Legal Aid Attorney Helps Stroke Victim Retain Residence
By Chinh Le & Mike Mazella
Mr. Brown (name changed to maintain client confidentiality) and his wife came to the Big Chair office in Southeast D.C., because they had been sued as squatters by their landlord. A few weeks prior, they had received a favorable administrative decision resolving a tenant petition they filed against their landlord to contest an illegal rent increase. Rather than accept or appeal the administrative order, the landlord ignored it and sued Mr. Brown as a squatter in landlord-tenant court.
The case was based on the landlord’s claim that Mr. Brown, who had rented his current unit since 1994, was not a tenant of that unit, and was only permitted to reside in a studio unit that he had previously rented from 1986–1994. Legal Aid filed a motion to dismiss the landlord-tenant case. The pro se landlord decided that she needed to hire an attorney, which she did and shortly thereafter voluntarily dismissed the case before the hearing.

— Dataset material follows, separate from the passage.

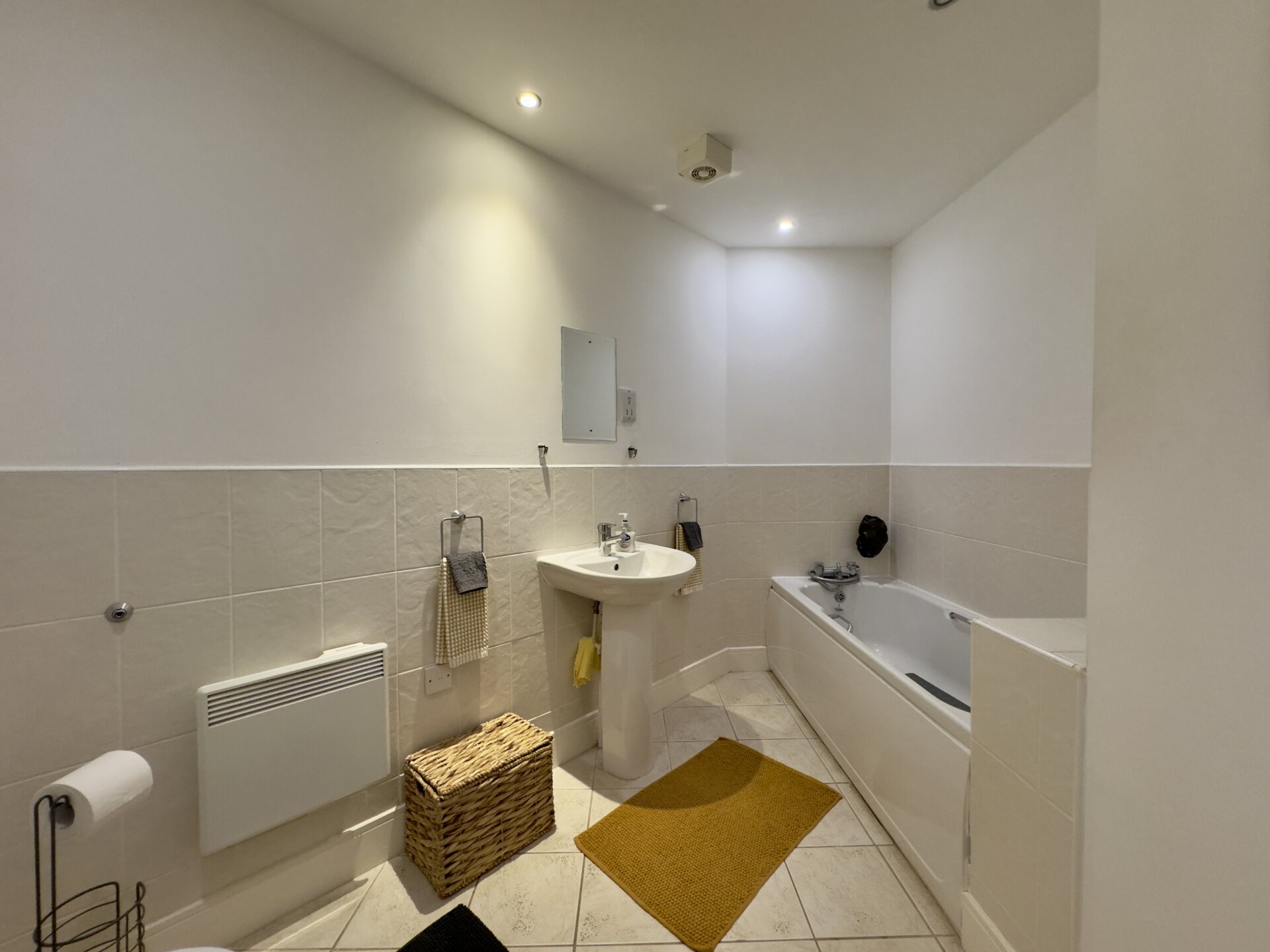 There are two double bedrooms, the main one having built in wardrobes and en-suite shower room. The generous size bathroom is fitted with a white three piece suite and finished with complementary wall tiling.

Mr. Brown had been struggling with complications from a stroke and has great difficulty communicating and getting around. Throughout the hearings, Mr. Brown’s attorney met him and his wife at the Big Chair office and at their home, so that Mr. Brown could avoid having to travel and cut down his transportation time to the court. What began as a mentally and potentially physically stressful problem for Mr. Brown and his wife ended happily as a result of Legal Aid’s help through our presence at the Big Chair.